Follow these steps to stop collecting new logs while retaining previously collected data. The existing logs will be deleted automatically when their retention period expires.

Important

Stopping collection only prevents new logs from being collected. To change the log storage duration, you must make the change while log collection is enabled. Otherwise, the change does not take effect.

  1. In the navigation pane on the left of the Log Audit Service console, choose Access to Cloud Services > Global Configurations.

  2. On the Global Configurations page, click Modify in the upper-right corner.

  3. Turn off the target log option and click OK.

Delete audit resources

To permanently delete all resources created by the Log Audit Service (including projects, logstores, dashboards, and alerts), perform the following steps.

  1. In the navigation pane on the left of the Log Audit Service console, choose Access to Cloud Services > Global Configurations.

  2. On the Global Configurations page, click Delete Audit Resource in the upper-right corner.

  3. In the Delete All Resources of Log Audit Service dialog box, click Disable Log Collection for Cloud Services.

  4. In the Confirm dialog box, click Confirm.

  5. In the Delete All Resources of Log Audit Service dialog box, copy the command.

    If you want to delete all resources, copy all commands.
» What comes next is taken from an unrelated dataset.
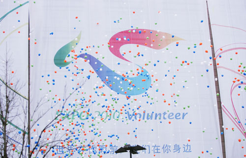 今天上午,“志愿世博 文明上!敝袊2010年上海世博會志愿者標(biāo)志、口號、歌曲發(fā)布儀式暨迎世博、講文明、樹新風(fēng)“三五”志愿服務(wù)集中大行動在上海市五卅紀(jì)念廣場隆重舉行。

If you want to delete only some resources, copy the required commands. The command format is described as follows:

    Important
    • Execute the delete commands in order. First, delete the regional projects, and then delete the central project.
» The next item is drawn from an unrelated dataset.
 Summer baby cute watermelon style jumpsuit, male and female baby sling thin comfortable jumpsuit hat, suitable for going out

    • Before you delete the projects, wait 1 to 2 minutes to ensure that log collection for all cloud products has stopped.

    • Example of a command to delete a regional project:

      aliyunlog log delete_project --project_name=slsaudit-region-12****34-cn-huhehaote --region-endpoint=cn-huhehaote.log.aliyuncs.com
    • Example of a command to delete the central project:

      aliyunlog log delete_project --project_name=slsaudit-center-12****34-cn-huhehaote --region-endpoint=cn-huhehaote.log.aliyuncs.com

    In the commands, 12****34 is the Alibaba Cloud account ID, and cn-huhehaote is the region where the project resides. region-endpoint is the endpoint of the Simple Log Service project. For more information, see Endpoints.

  6. In the top navigation bar, click the 云命令行 icon.

  7. In the cloudshell dialog box, run the commands that you copied.

    The system runs the commands one by one to delete the audit resources.